---------- Available records

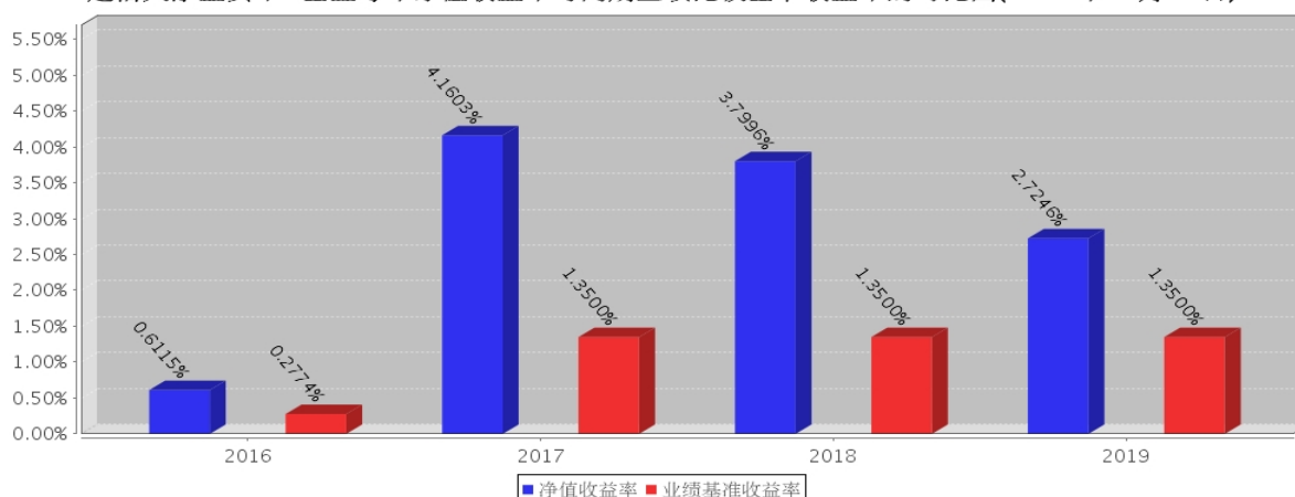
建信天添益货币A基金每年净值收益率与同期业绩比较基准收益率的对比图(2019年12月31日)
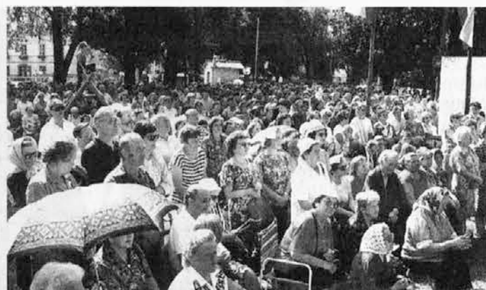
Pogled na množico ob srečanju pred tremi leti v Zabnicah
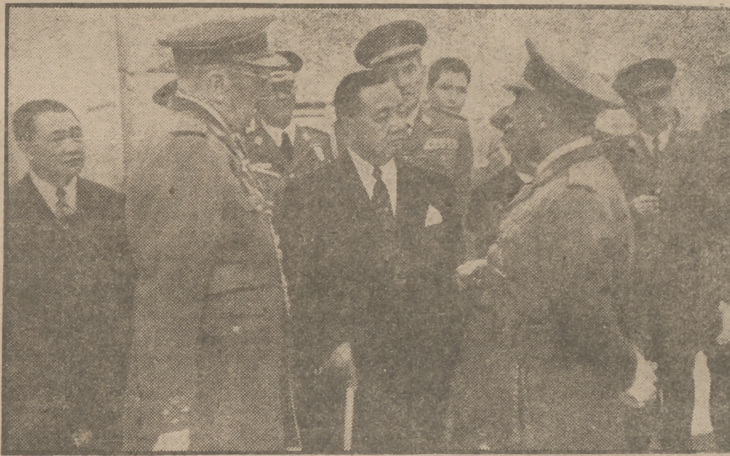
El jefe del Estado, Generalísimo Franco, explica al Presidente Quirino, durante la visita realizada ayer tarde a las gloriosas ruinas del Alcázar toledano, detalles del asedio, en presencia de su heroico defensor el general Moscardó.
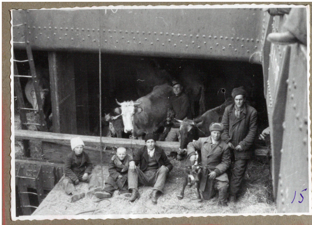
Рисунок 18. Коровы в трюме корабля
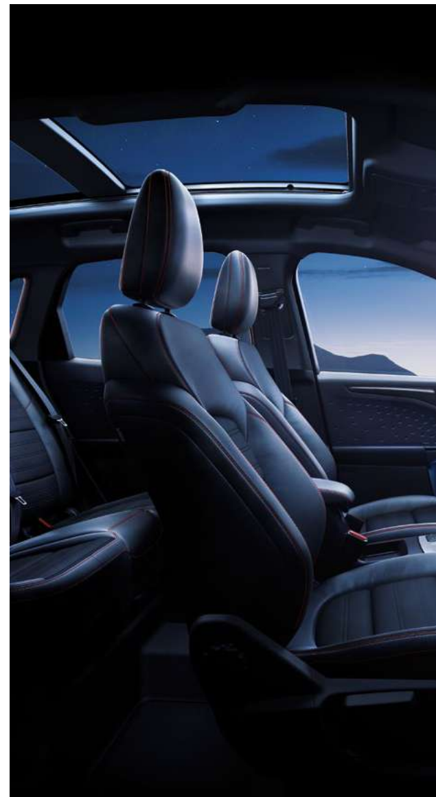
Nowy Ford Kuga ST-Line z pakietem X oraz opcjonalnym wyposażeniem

--------------------

Instructions to follow. Print every entry verbatim and leave all pictures out.

Expected output.
建信天添益货币A基金每年净值收益率与同期业绩比较基准收益率的对比图(2019年12月31日)
Pogled na množico ob srečanju pred tremi leti v Zabnicah
El jefe del Estado, Generalísimo Franco, explica al Presidente Quirino, durante la visita realizada ayer tarde a las gloriosas ruinas del Alcázar toledano, detalles del asedio, en presencia de su heroico defensor el general Moscardó.
Рисунок 18. Коровы в трюме корабля
Nowy Ford Kuga ST-Line z pakietem X oraz opcjonalnym wyposażeniem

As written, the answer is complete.